Analisis Geopolitik dan Peran Ulama
Keterlibatan ulama dalam misi diplomasi bukan fenomena baru, tetapi menjadi sangat penting dalam konteks hubungan Indonesia-Iran. Pertama, hubungan historis kedua negara seringkali dijalin melalui simpul-simpul keagamaan dan intelektual, bukan sekadar melalui jalur perdagangan atau politik formal. Kedua, menjelang transisi kekuasaan di Iran, Indonesia tampaknya ingin menempatkan diri sebagai mitra dialog yang netral dan konstruktif. Dengan membawa ulama, Indonesia menyampaikan pesan bahwa relasi dengan Teheran tidak semata-mata soal minyak atau nuklir, melainkan didasari oleh kedekatan peradaban dan solidaritas sesama negara berkembang yang kerap berseberangan dengan kebijakan unilateral Barat.

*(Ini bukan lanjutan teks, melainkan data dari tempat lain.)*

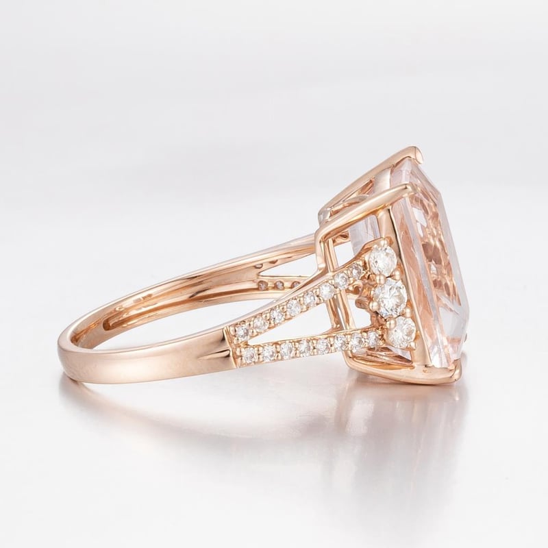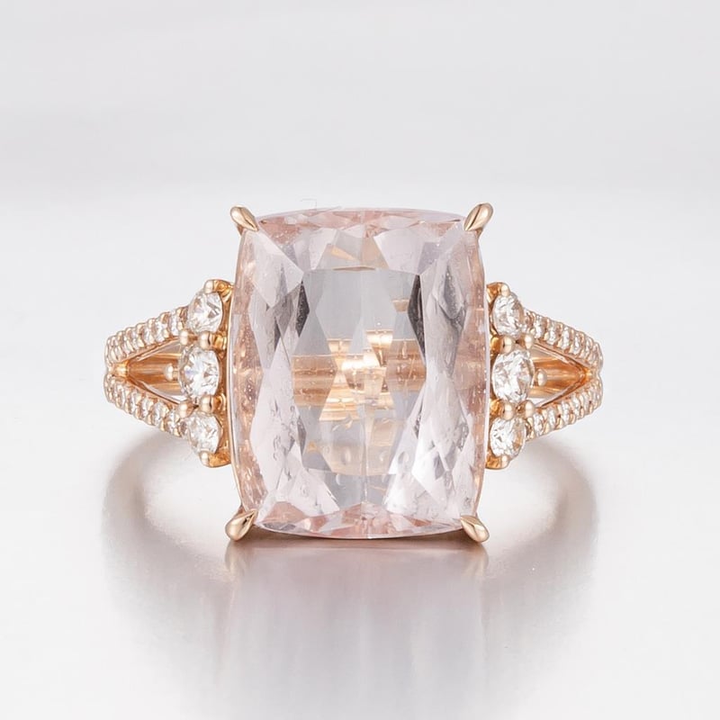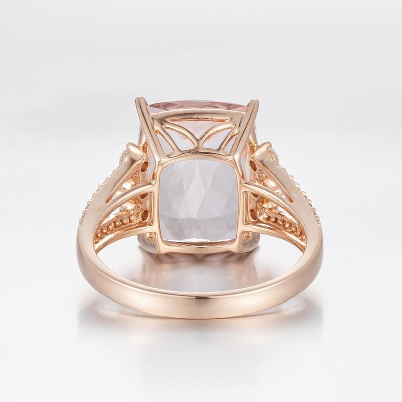 14Ct Rose Gold Brazilian Morganite And Diamond Cocktail Ring Featuring Centre, One Rectangular Cushion Cut, Light Peach-Pink Brazilian Morganite (6.49Ct, Slight Inclusions), Claw Set, With 38 Round Brilliant Cut Diamonds (0.44Ct Tdw, G-H Colour, Si1-Si2 Clarity), Bead Set. Ring Size O.

| Tujuan Misi | Risiko/Keamanan | Pemain Kunci |
|---|---|---|
| Menghadiri pemakaman kenegaraan | Serangan militer intensif dari Amerika Serikat | Anggota MPR, tokoh ulama |
| Membangun komunikasi antar-ulama | Penundaan jadwal acara karena ancaman keamanan | Pemerintah Iran, penyelenggara pemakaman |
| Perkuat hubungan bilateral Indonesia-Iran | Mobilisasi massa besar yang rawan infiltrasi | Penerus politik Khamenei |
Secara teknis, kehadiran delegasi di lapangan, terutama dengan figur publik seperti ulama, menuntut pengamanan berlapis. "Ini bukan kunjungan kerja biasa; pemakaman dalam situasi konflik memerlukan kesiapan logistik dan keamanan instingtif," ujar analis hubungan internasional yang memonitor operasi diplomatik di kawasan rawan. Indonesia, yang berpengalaman mengirim misi kemanusiaan ke zona konflik, harus memastikan bahwa kehadiran ulama tidak tereksploitasi sebagai alat propaganda atau justru terancam secara fisik. Di lain sisi, Iran yang saat ini dikomando oleh figur pengganti—jika belum sepenuhnya definitif—membutuhkan pengakuan global, dan eksistensi delegasi asing memberikan justifikasi legitimasi politik yang sangat berarti.
Dari sudut pandang domestik Indonesia, langkah ini turut memperlihatkan bagaimana MPR ingin memainkan peran lebih progresif dalam diplomasi parlemen, melampaui tugas-tugas legislatif konvensional. Hubungan antar-parlemen dan antar-ulama menjadi saluran alternatif yang efektif saat komunikasi antar-pemerintah pusat menghadapi kebuntuan akibat sanksi dan embargo internasional. Selain itu, dalam konteks regulasi perjalanan dan keamanan warga negara di luar negeri yang eskalatif, perlindungan terhadap delegasi ulama perlu menjadi perhatian utama, mencakup jalur komunikasi darurat, koordinasi dengan perwakilan RI dan simulasi kontijensi.